Barry Druxman is one the best portrait photographers ever and he offers digital and print in some of his work.

Check him out.

12/31/2011 9:56:41 AM

 
Gregory LaGrange
BetterPhoto Member
gregorylagrange.org

member since: 11/11/2003
  But when you have somebody providing a budget behind you that pays for an actual working, professional model, make-up people, etc... you can sell a print and file for $20.

12/31/2011 11:02:17 AM

 
Bruce A. Dart

member since: 1/7/2007
  These are indeed a case in point...there is always a good photographer who will sell their work on a cd and others, who perhaps have someone else helping to foot the bills, who will sell things cheaply.
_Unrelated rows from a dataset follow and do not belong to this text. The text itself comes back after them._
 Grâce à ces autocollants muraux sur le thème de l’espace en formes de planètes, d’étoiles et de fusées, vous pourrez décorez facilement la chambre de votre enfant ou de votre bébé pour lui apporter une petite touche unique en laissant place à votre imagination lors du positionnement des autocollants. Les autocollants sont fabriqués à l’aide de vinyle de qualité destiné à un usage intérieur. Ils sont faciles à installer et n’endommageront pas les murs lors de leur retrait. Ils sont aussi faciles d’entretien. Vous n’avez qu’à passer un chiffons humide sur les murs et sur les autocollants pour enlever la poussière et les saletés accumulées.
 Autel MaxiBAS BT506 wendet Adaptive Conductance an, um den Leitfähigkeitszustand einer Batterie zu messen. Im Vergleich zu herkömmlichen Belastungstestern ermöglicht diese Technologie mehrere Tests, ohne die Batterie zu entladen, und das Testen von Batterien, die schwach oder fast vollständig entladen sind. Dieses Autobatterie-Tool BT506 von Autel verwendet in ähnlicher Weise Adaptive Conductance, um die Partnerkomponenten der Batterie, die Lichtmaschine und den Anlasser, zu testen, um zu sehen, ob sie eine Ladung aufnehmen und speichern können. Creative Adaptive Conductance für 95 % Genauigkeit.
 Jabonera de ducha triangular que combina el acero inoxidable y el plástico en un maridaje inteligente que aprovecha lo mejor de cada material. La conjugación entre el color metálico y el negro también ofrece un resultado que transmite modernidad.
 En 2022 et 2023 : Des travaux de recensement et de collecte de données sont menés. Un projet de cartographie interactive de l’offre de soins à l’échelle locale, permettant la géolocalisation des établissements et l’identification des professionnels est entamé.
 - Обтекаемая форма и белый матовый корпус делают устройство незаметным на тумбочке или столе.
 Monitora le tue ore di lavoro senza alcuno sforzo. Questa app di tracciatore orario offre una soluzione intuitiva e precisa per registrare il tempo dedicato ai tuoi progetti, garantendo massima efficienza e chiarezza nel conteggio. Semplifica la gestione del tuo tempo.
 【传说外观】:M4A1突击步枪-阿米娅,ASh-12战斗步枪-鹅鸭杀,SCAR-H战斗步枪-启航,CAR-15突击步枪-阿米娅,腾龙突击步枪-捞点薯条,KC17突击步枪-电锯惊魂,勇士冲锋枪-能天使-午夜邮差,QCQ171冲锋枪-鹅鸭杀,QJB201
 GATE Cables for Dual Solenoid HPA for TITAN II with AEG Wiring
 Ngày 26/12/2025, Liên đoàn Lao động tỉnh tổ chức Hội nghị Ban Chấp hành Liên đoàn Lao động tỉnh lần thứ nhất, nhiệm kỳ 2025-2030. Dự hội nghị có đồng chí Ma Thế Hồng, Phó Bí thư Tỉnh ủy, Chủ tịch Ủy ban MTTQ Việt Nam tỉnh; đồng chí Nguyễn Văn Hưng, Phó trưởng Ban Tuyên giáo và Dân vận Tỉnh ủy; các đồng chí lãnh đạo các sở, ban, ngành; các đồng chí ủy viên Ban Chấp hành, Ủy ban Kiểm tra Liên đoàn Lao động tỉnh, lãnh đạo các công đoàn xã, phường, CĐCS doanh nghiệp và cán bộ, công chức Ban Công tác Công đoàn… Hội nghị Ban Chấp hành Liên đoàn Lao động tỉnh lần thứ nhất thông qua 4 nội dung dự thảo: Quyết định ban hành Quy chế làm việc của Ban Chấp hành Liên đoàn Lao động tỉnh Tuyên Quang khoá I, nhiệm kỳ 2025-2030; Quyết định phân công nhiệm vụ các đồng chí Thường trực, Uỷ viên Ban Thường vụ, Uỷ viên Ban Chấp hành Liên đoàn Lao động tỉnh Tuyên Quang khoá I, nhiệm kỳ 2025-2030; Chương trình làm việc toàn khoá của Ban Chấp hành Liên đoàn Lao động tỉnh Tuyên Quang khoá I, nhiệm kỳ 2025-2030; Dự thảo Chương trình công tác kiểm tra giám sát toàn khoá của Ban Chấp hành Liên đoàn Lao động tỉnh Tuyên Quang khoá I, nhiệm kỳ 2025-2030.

I stand by my earlier assumption, WHEN YOU ARE TRYING TO EARN A LIVING WITH PHOTOGRAPHY, I STILL MAINTAIN THAT YOU TEND TO SHOOT YOURSELF IN THE FOOT AND KILL POTENTIAL SALES BY SELLING IMAGES ON A CD. Yes, you have a sale where sometimes you may not have but more often than not the sales are LESS than if you did not sell the CD. One of my friends had a saying, "People will always let you work for free!" Meaning, if you are not making money on the sale, they don't care as long as they got a bargain!! You have to choose what works for you. I'm just trying to show both sides.

12/31/2011 7:11:25 PM

 
Gregory LaGrange
BetterPhoto Member
gregorylagrange.org

member since: 11/11/2003
  I know. I was responding to the Barry Druxman example in particular.